Copy every record exactly, and keep the pictures out.

......

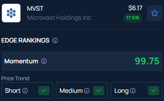 With a strong Momentum in the 99th percentile, Benzinga’s Edge Stock Rankings indicate that MVST has a positive price trend across all time frames. Here is how the stock fares on other parameters.
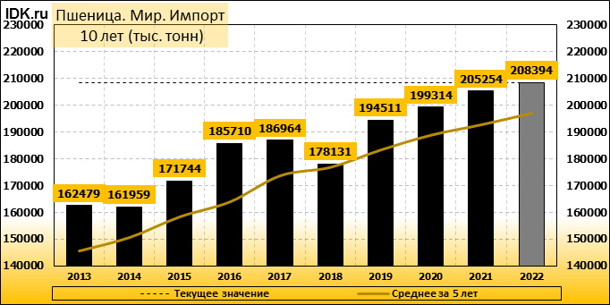Импорт: составит 208394 тысяч тонн. Значение по прошествии месяца поднялось на 0.12 процента.
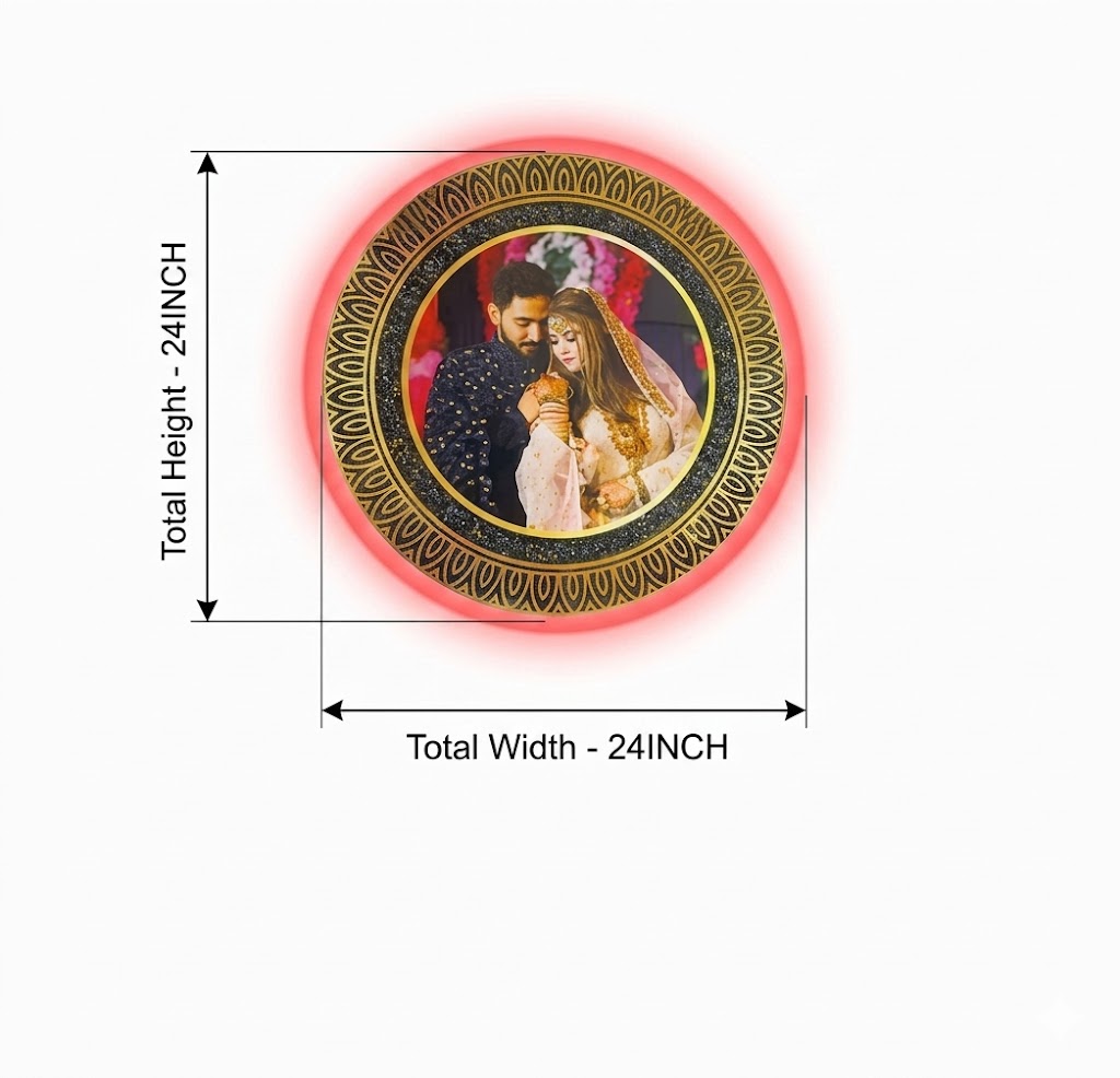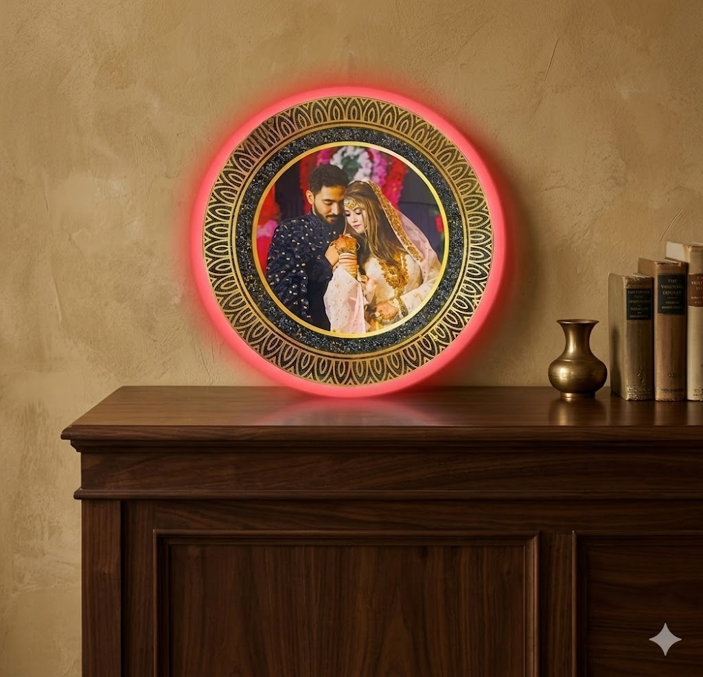 Surrounded by an intricately patterned golden border, the frame showcases fine detailing that exudes richness and sophistication. The outer ring is enhanced with a subtle textured finish, adding depth and visual appeal. What truly sets this piece apart is the integrated soft LED backlight, which creates a warm glowing halo effect around the frame, making your photo stand out beautifully even in low-light settings.
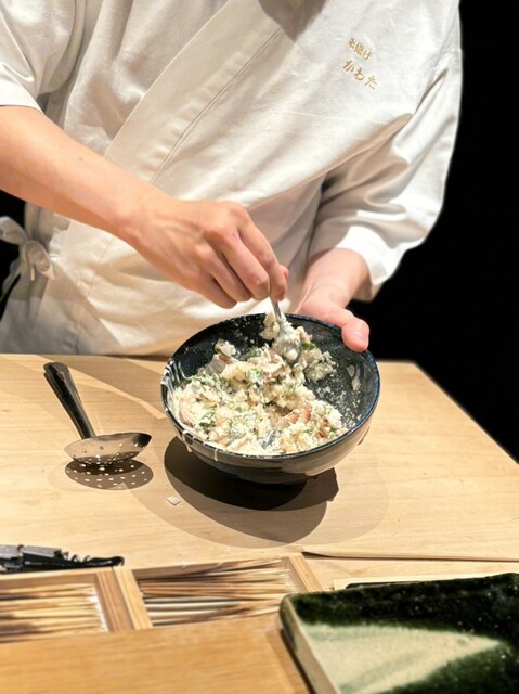 極細の海蘊はするりとほどけるような食感で、水晶のように透明感のある文旦の甘苦さと見事に溶け合う一皿。三杯酢の酸味がやさしく全体をまとめ、串揚げのコースの幕開けとして心と舌をすっと整えてくれます。
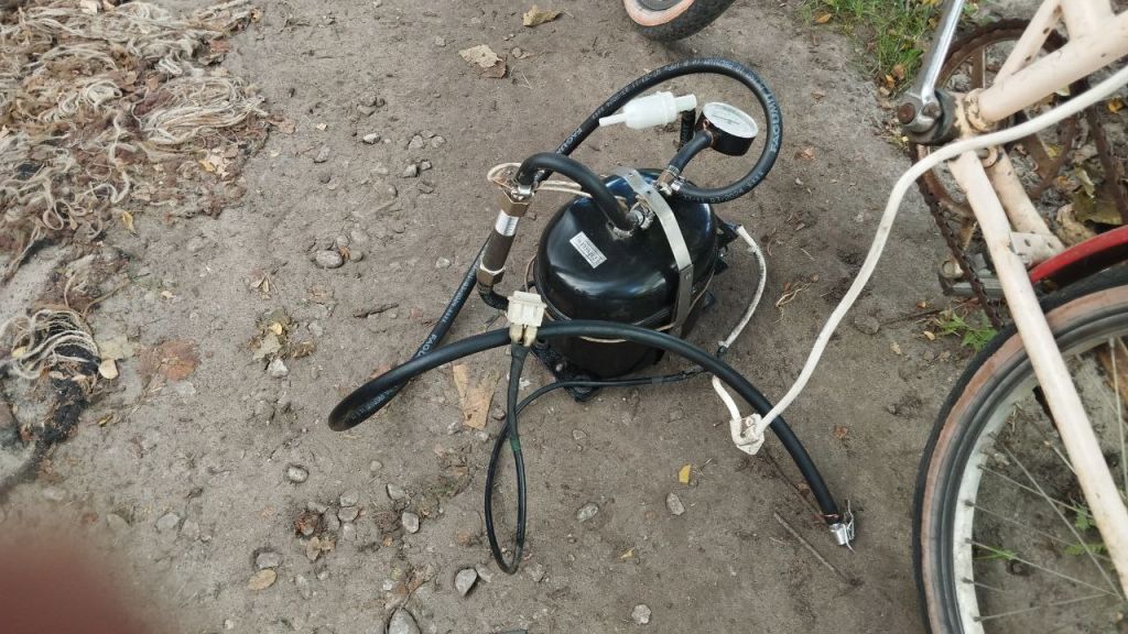 Маслоотделитель — сантехнический сгон 1/2" с двумя штуцерами 1/2" х 8 мм. Внутри набита металлическая мочалка для посуды. Расположен так, чтобы задержанное масло стекало обратно в компрессор.

......

▶ **Response below**
 With a strong Momentum in the 99th percentile, Benzinga’s Edge Stock Rankings indicate that MVST has a positive price trend across all time frames. Here is how the stock fares on other parameters.
Импорт: составит 208394 тысяч тонн. Значение по прошествии месяца поднялось на 0.12 процента.
 Surrounded by an intricately patterned golden border, the frame showcases fine detailing that exudes richness and sophistication. The outer ring is enhanced with a subtle textured finish, adding depth and visual appeal. What truly sets this piece apart is the integrated soft LED backlight, which creates a warm glowing halo effect around the frame, making your photo stand out beautifully even in low-light settings.
 極細の海蘊はするりとほどけるような食感で、水晶のように透明感のある文旦の甘苦さと見事に溶け合う一皿。三杯酢の酸味がやさしく全体をまとめ、串揚げのコースの幕開けとして心と舌をすっと整えてくれます。
 Маслоотделитель — сантехнический сгон 1/2" с двумя штуцерами 1/2" х 8 мм. Внутри набита металлическая мочалка для посуды. Расположен так, чтобы задержанное масло стекало обратно в компрессор.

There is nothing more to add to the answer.